> **Dataset records**
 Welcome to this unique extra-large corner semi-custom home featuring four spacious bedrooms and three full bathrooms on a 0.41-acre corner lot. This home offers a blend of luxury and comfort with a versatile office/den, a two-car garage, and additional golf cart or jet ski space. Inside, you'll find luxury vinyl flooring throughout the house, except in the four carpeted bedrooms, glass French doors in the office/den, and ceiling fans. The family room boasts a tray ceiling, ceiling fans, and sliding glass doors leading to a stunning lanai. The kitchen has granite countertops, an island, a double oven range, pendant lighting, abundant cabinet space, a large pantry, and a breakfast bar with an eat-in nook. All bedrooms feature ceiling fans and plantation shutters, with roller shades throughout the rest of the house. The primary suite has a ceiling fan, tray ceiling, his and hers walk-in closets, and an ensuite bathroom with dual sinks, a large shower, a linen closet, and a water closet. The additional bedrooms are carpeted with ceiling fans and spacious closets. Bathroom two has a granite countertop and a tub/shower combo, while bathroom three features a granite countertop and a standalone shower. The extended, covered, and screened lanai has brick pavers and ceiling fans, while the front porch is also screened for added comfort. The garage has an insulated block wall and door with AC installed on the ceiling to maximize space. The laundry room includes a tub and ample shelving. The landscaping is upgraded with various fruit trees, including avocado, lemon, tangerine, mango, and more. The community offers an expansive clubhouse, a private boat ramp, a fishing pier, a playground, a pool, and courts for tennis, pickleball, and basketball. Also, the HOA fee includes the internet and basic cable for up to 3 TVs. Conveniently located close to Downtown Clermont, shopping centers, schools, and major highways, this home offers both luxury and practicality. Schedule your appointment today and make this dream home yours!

* * *

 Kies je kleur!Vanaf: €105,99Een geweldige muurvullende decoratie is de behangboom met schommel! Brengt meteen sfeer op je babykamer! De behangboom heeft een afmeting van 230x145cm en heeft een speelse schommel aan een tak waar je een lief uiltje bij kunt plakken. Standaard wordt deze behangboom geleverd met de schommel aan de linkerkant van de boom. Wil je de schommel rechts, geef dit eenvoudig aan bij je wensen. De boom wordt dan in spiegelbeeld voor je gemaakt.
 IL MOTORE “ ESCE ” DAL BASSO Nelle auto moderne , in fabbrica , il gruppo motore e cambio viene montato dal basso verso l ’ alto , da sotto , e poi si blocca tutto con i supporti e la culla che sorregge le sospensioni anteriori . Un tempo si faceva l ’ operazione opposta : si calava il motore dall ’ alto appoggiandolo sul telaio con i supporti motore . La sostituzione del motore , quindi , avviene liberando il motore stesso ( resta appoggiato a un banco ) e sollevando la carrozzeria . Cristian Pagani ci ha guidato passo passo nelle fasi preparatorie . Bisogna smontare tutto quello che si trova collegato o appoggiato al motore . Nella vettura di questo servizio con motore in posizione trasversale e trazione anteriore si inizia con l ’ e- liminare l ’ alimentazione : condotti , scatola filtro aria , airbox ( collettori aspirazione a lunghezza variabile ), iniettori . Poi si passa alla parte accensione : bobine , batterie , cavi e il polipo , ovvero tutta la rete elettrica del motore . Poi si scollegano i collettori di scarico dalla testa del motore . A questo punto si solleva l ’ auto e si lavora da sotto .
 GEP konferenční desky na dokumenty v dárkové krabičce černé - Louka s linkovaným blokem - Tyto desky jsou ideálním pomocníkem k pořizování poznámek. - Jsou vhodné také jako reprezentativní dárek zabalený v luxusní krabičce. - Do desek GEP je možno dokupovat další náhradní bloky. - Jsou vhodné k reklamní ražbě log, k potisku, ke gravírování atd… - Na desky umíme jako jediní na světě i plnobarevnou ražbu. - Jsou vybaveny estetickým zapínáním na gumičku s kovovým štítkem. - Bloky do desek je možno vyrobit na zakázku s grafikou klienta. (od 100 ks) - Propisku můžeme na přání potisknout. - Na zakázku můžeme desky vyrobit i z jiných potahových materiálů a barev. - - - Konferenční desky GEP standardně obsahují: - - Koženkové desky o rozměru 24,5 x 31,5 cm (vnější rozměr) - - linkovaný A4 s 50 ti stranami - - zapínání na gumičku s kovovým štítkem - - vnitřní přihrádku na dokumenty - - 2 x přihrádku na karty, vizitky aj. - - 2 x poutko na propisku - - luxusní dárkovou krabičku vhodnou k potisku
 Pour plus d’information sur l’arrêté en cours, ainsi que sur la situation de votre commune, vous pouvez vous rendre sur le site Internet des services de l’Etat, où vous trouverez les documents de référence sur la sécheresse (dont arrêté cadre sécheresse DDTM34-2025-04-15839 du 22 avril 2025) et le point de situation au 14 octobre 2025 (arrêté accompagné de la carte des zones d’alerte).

> **Task goal**
Word for word, restate the lines of the data above that fall between the line holding "GEP konferenční desky" and the line holding "Pour plus d’information", inclusive, and no other lines.

> **Task result**
 GEP konferenční desky na dokumenty v dárkové krabičce černé - Louka s linkovaným blokem - Tyto desky jsou ideálním pomocníkem k pořizování poznámek. - Jsou vhodné také jako reprezentativní dárek zabalený v luxusní krabičce. - Do desek GEP je možno dokupovat další náhradní bloky. - Jsou vhodné k reklamní ražbě log, k potisku, ke gravírování atd… - Na desky umíme jako jediní na světě i plnobarevnou ražbu. - Jsou vybaveny estetickým zapínáním na gumičku s kovovým štítkem. - Bloky do desek je možno vyrobit na zakázku s grafikou klienta. (od 100 ks) - Propisku můžeme na přání potisknout. - Na zakázku můžeme desky vyrobit i z jiných potahových materiálů a barev. - - - Konferenční desky GEP standardně obsahují: - - Koženkové desky o rozměru 24,5 x 31,5 cm (vnější rozměr) - - linkovaný A4 s 50 ti stranami - - zapínání na gumičku s kovovým štítkem - - vnitřní přihrádku na dokumenty - - 2 x přihrádku na karty, vizitky aj. - - 2 x poutko na propisku - - luxusní dárkovou krabičku vhodnou k potisku
 Pour plus d’information sur l’arrêté en cours, ainsi que sur la situation de votre commune, vous pouvez vous rendre sur le site Internet des services de l’Etat, où vous trouverez les documents de référence sur la sécheresse (dont arrêté cadre sécheresse DDTM34-2025-04-15839 du 22 avril 2025) et le point de situation au 14 octobre 2025 (arrêté accompagné de la carte des zones d’alerte).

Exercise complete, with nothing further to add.